Виктор пролистнул страницы и задержался на одной.
Оскар сидел напротив, сцепив руки в замок, стараясь скрыть нарастающую тревогу. Головная боль не отпускала, но он не намеревался кому - то о ней говорить.

– Вот тут вы пишите, что конфликт с отцом и стрессы на работе толкают вас к фантазированию. Но почему вам так хорошо в фантазиях? Там есть что-то, о чём вы не упоминаете?

Внутри всё сжалось. Психолог смотрел на парня слишко пристально и внимательно.

– Я… – тихо сказал он. Просто мне в фантазиях легче, там нет конфликтов, нет давления, нет проблем…

– Но вы не просто убегаете в фантазии, вы будто возвращаетесь к чему -то конкретному. К кому -то? 

Пульс ударил в виски. Вопрос повис в воздухе. Стало так тихо, что он услышал, как падает пыль на деревянную поверхность стола. Оскар почувствовал, как по коже неприятно пробежал табун мурашек: психолог знал. Или догадывался.

– Нет, - он заставил себя улыбнуться, – это просто воображение. Ничего особенного. Просто там есть места, которых нет и не может быть в реальности.

Виктор не выглядел убеждённым. Он снова посмотрел на Оскара, затем в тетрадь.

– Хорошо. Но если вспомните что -то важное, вы же расскажете?

Оскар кивнул, избегая взгляда. Он не расскажет. никогда.

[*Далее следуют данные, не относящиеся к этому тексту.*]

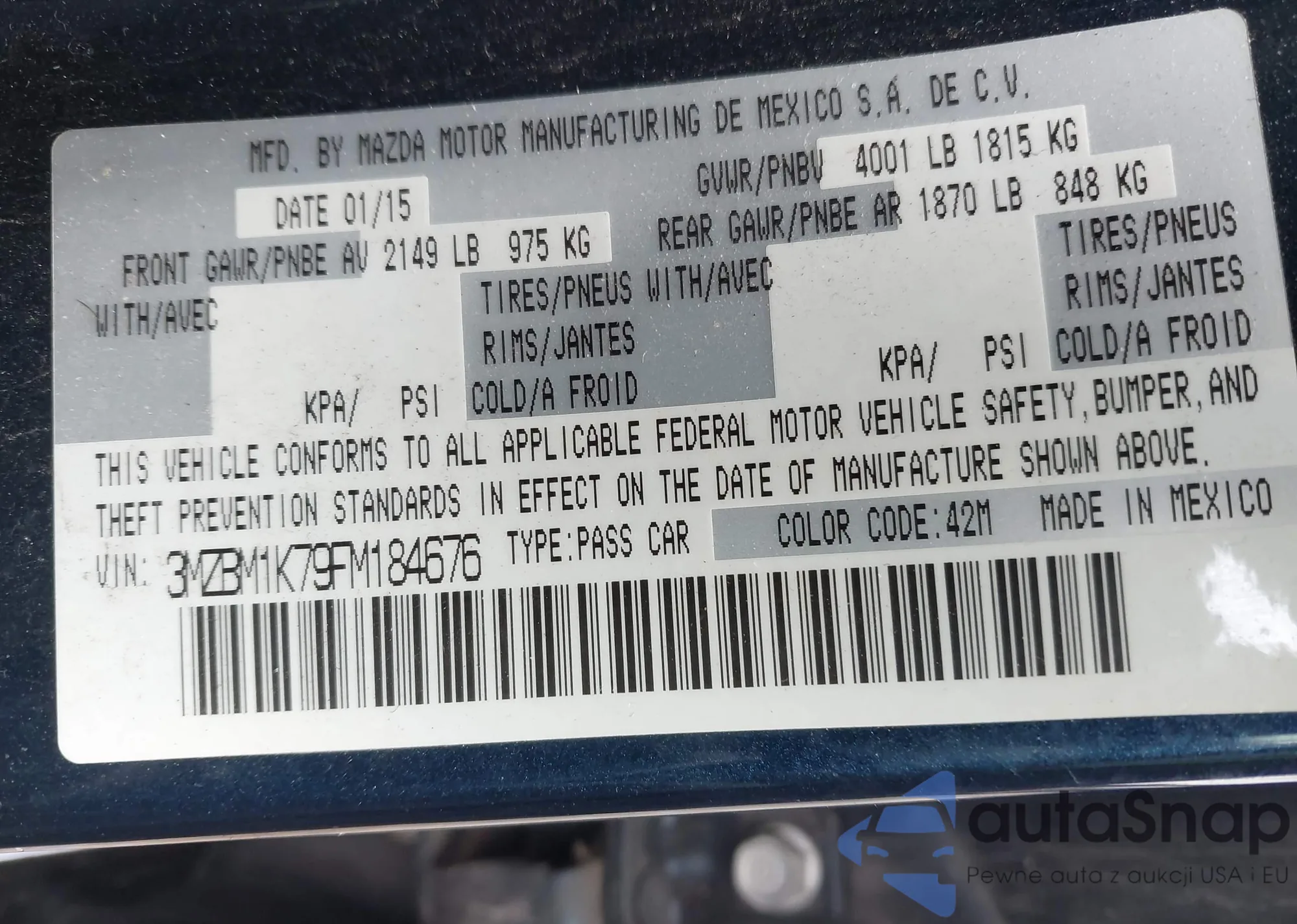 The car Mazda 3 2015 (VIN 3MZBM1K79FM184676) has not been auctioned before. The documents are clean, and the mileage matches or is below the market average. Sold by an insurance company – we recommend purchase. Delivery to the port will take approx. 6–8 weeks.

– Через два часа у вас будет групповая терапия. А пока поговорим о ваших отношениях с отцом…

Ловушка

– Дейдримиг это ловушка, – сказал незнакомый парень из группы, –  мы убегаем в фантазии, думая, что станет легче переносить реальность, но это не так. Чем больше мы убегаем, тем меньше остаётся нас реальных. Наш мозг буквально теряет всю свою энергию, тратит её на бесполезное витание в облаках, а ведь мы можем достигнуть многого… Мы теряем связь и с близкими людьми тоже, мы перестаем замечать, что с ними происходит. Мы их не знаем. И они нас - тоже.

Оскар сжал кулаки, сидя в том сером кресле – мешке. Говорящий – высокий парень с тонкими чертами лица и бегающими голубыми глазами – ему не нравился. Наверняка он врал, и всё, что он говорит – просто красивые слова.

– Это не ловушка, – вдруг сказал Оскар, – это единственное место, где мы по - настоящему живые.

– По - настоящему живые?  – переспросила Кира, – но ведь это иллюзия, Оскар. Твой разум создаёт комфортную ложь, чтобы не сталкиваться с реальностью. Это слабость, бесхарактерность, безответственность…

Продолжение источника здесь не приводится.